Stored items from a collection:
_ _ _ _ _
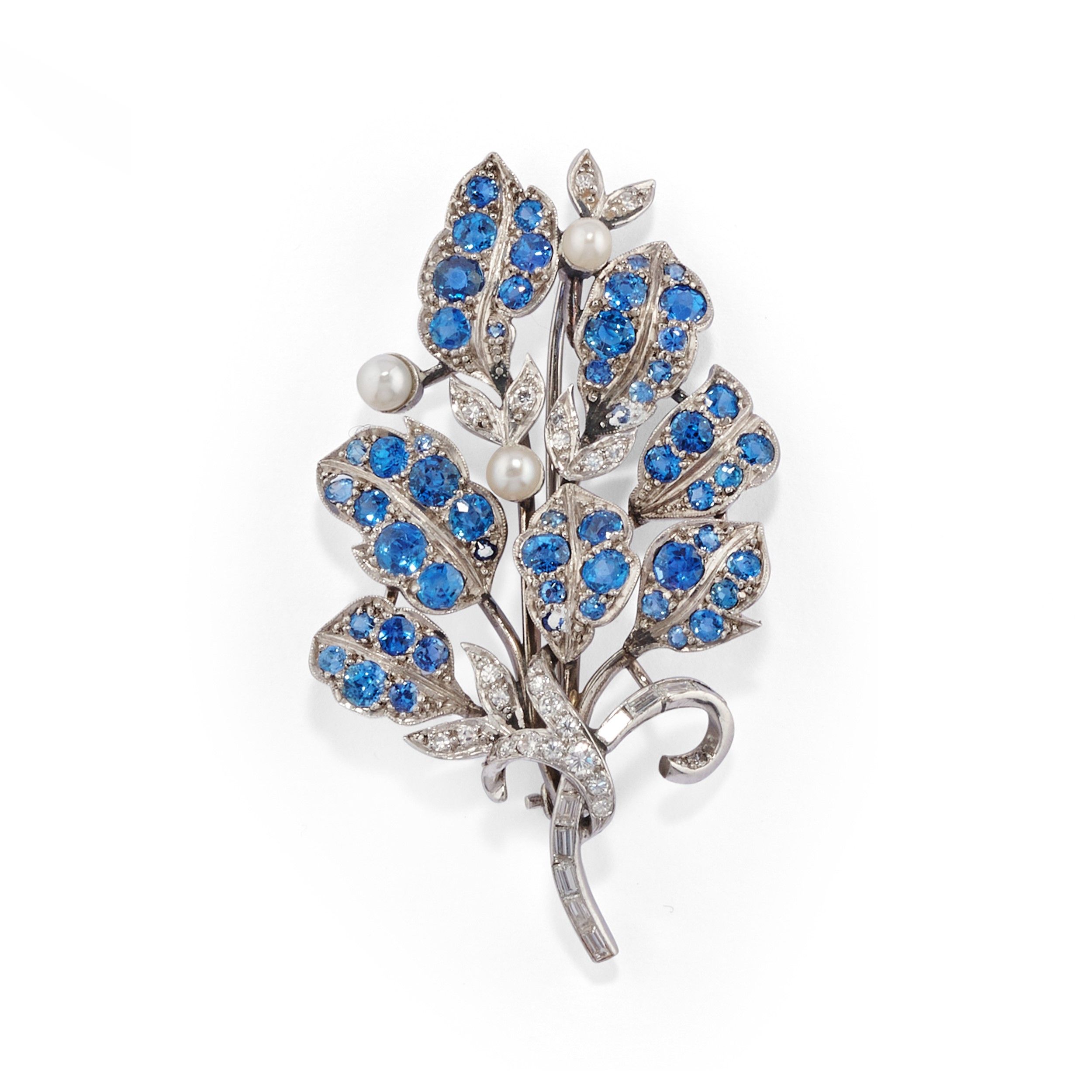 a ramage con zaffiri Montana taglio rotondo e diamanti taglio brillante, huit-huit e baguette.
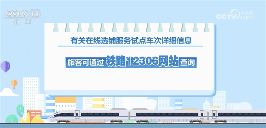 央視網(wǎng)消息:記者從國鐵集團(tuán)獲悉,今天(6月10日)起,鐵路部門將在12306網(wǎng)站和12306手機(jī)客戶端試行在線選鋪服務(wù)。
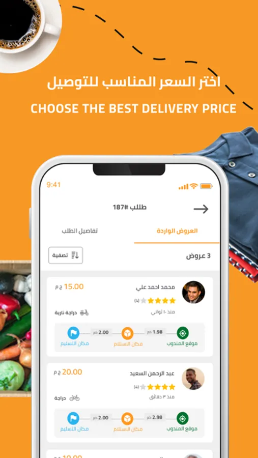 You can receive many offers from providers within your order area according to the lowest delivery cost, the closest receipt place, or the most evaluated provider to reach the best offer.
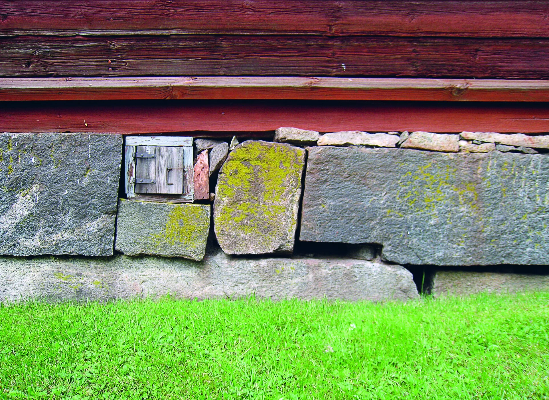 Yli-Lauroselan talossa Ilmajoella on kunnollinen sokkeli luonnonkiviharkoista sekä oikeanlaiset kissanluukut. Kuvanottohetkellä ruoho vihertää…Siis luukut auki ja ilma kiertämään!
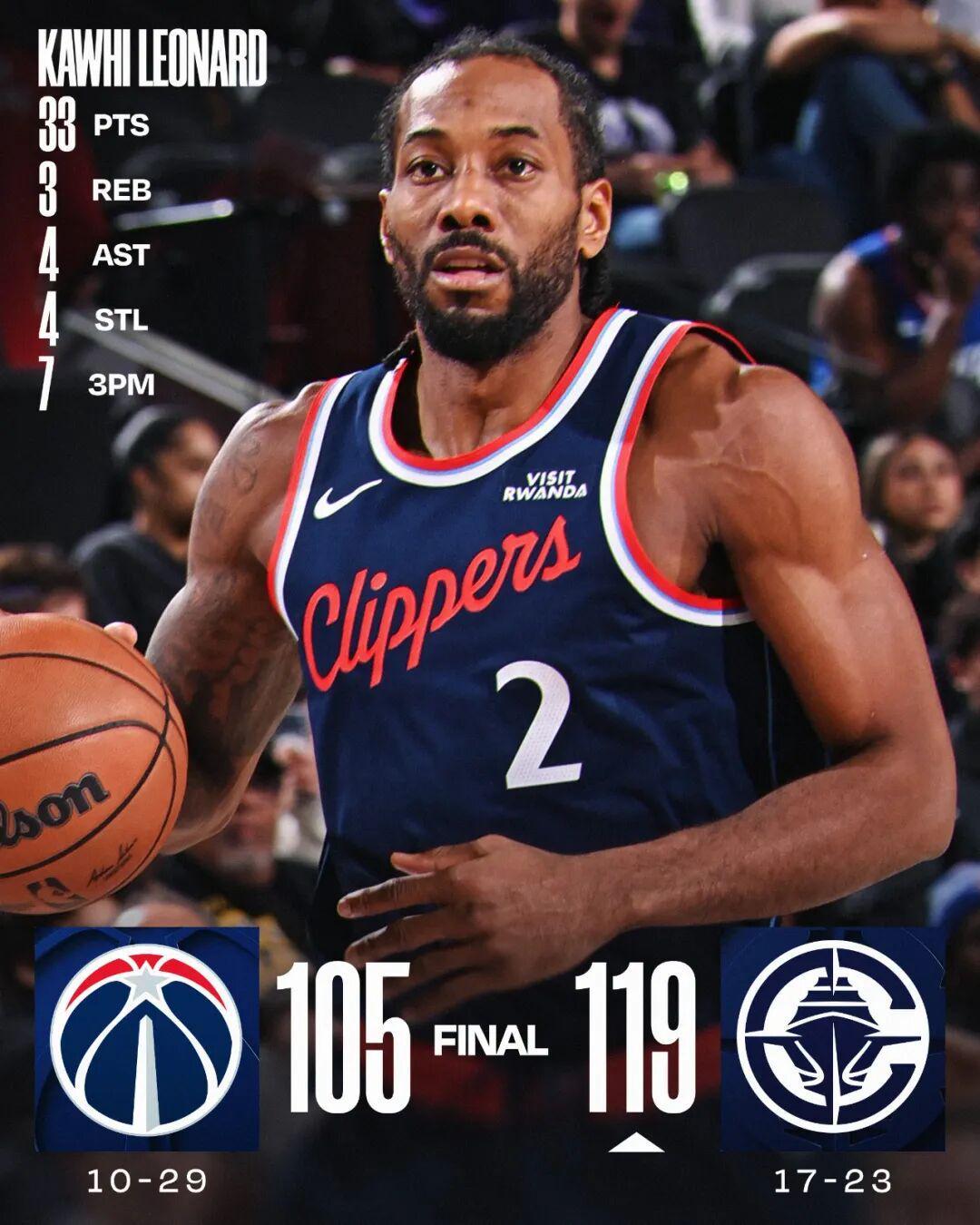 常规赛,快船主场119-105战胜奇才,取得四连胜。
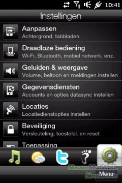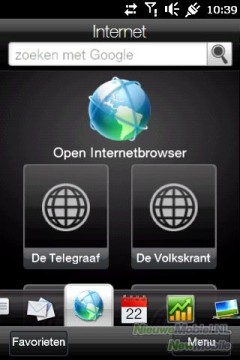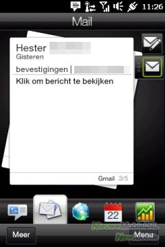 Vanuit het homescreen kun je naar rechts scrollen door een aantal tabbladen, die je via het instellingen-tabblad zelf in kunt stellen. Scrollen kan op twee manieren: door naar rechts te vegen over het touchscreen, of door je vinger op het scherm te drukken en over de icoontjes van het tabblad te bewegen. Standaard staan alle beschikbare tabbladen ingeschakeld. Er zijn onder andere tabs voor SMS, e-mail, contacten, internet, e-mail, het weer, muziek, twitter en je agenda.
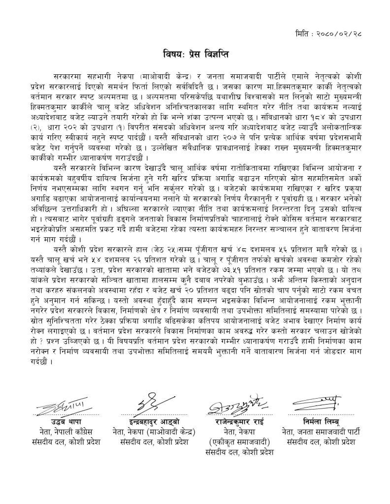 ‘संवैधानिक र कानूनी व्यवस्था विपरीत प्रदेशसभालाई छलेर अध्यादेशमार्फत आउने बजेट स्विकार्य नहुने सम्बन्धीत सबैमा जानकारी पनि गराउँछौं । यस्तै संविधानको धारा २०७ ले पनि प्रत्येक आर्थिक वर्षमा प्रदेशसभामै बजेट पेश गर्नुपर्ने व्यवस्था गरेको छ । उल्लेखित संवैधानिक प्रावधानलाई हेक्का राख्न मुख्यमन्त्री हिक्मतकुमार कार्कीको गम्भीर ध्यानाकर्षण गराउँदछौं,’ विज्ञप्तिमा उल्लेख छ ।
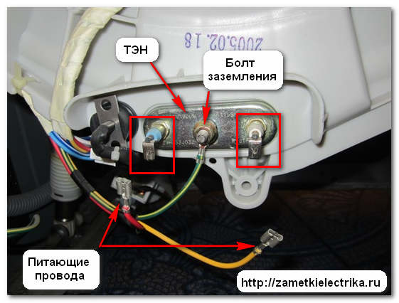 Есть, пожалуй, самый простой вариант проверки ТЭНа — это снять с него два питающих провода (красный и желтый провода для моего примера), за изолировать их и включить машинку в таком состоянии.
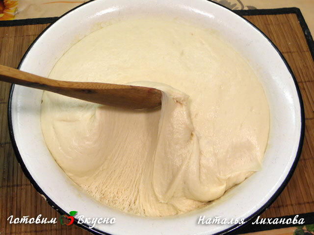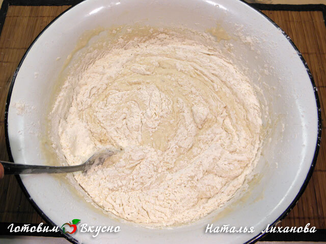 Затем постепенно добавляем просеянную муку и замешиваем некрутое тесто.
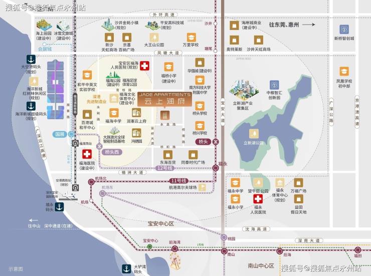周边另规划有20、18、26号线等多条地铁,以及宝安机场、海洋新城超级码头(规划中)、国际邮轮港(规划中),轻松构建覆盖全城,乃至湾区和国际的高效通勤圈。
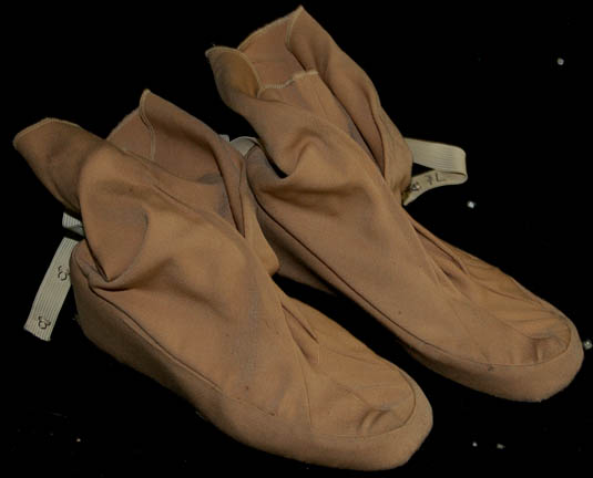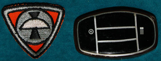 Description: A tan 2-piece Class-A Starfleet uniform featured in Star Trek I: The Motion Picture. The lot comes with an unattached plastic bio-monitor, unattached matching cloth covered shoes, and a sciences orange backed Epsilon IX station assignment patch for the left breast. The item is intended for female wearers. The trousers are overalls style and the metal zipper is broken but a clasp at the top provides closure.
_ _ _ _ _
TASK DETAILS.
All entries must be written out again exactly as given, with no pictures in the copy.

SOLVED EXERCISE.
 a ramage con zaffiri Montana taglio rotondo e diamanti taglio brillante, huit-huit e baguette.
 央視網(wǎng)消息:記者從國鐵集團(tuán)獲悉,今天(6月10日)起,鐵路部門將在12306網(wǎng)站和12306手機(jī)客戶端試行在線選鋪服務(wù)。
 You can receive many offers from providers within your order area according to the lowest delivery cost, the closest receipt place, or the most evaluated provider to reach the best offer.
 Yli-Lauroselan talossa Ilmajoella on kunnollinen sokkeli luonnonkiviharkoista sekä oikeanlaiset kissanluukut. Kuvanottohetkellä ruoho vihertää…Siis luukut auki ja ilma kiertämään!
 常规赛,快船主场119-105战胜奇才,取得四连胜。
 Vanuit het homescreen kun je naar rechts scrollen door een aantal tabbladen, die je via het instellingen-tabblad zelf in kunt stellen. Scrollen kan op twee manieren: door naar rechts te vegen over het touchscreen, of door je vinger op het scherm te drukken en over de icoontjes van het tabblad te bewegen. Standaard staan alle beschikbare tabbladen ingeschakeld. Er zijn onder andere tabs voor SMS, e-mail, contacten, internet, e-mail, het weer, muziek, twitter en je agenda.
 ‘संवैधानिक र कानूनी व्यवस्था विपरीत प्रदेशसभालाई छलेर अध्यादेशमार्फत आउने बजेट स्विकार्य नहुने सम्बन्धीत सबैमा जानकारी पनि गराउँछौं । यस्तै संविधानको धारा २०७ ले पनि प्रत्येक आर्थिक वर्षमा प्रदेशसभामै बजेट पेश गर्नुपर्ने व्यवस्था गरेको छ । उल्लेखित संवैधानिक प्रावधानलाई हेक्का राख्न मुख्यमन्त्री हिक्मतकुमार कार्कीको गम्भीर ध्यानाकर्षण गराउँदछौं,’ विज्ञप्तिमा उल्लेख छ ।
 Есть, пожалуй, самый простой вариант проверки ТЭНа — это снять с него два питающих провода (красный и желтый провода для моего примера), за изолировать их и включить машинку в таком состоянии.
 Затем постепенно добавляем просеянную муку и замешиваем некрутое тесто.
周边另规划有20、18、26号线等多条地铁,以及宝安机场、海洋新城超级码头(规划中)、国际邮轮港(规划中),轻松构建覆盖全城,乃至湾区和国际的高效通勤圈。
 Description: A tan 2-piece Class-A Starfleet uniform featured in Star Trek I: The Motion Picture. The lot comes with an unattached plastic bio-monitor, unattached matching cloth covered shoes, and a sciences orange backed Epsilon IX station assignment patch for the left breast. The item is intended for female wearers. The trousers are overalls style and the metal zipper is broken but a clasp at the top provides closure.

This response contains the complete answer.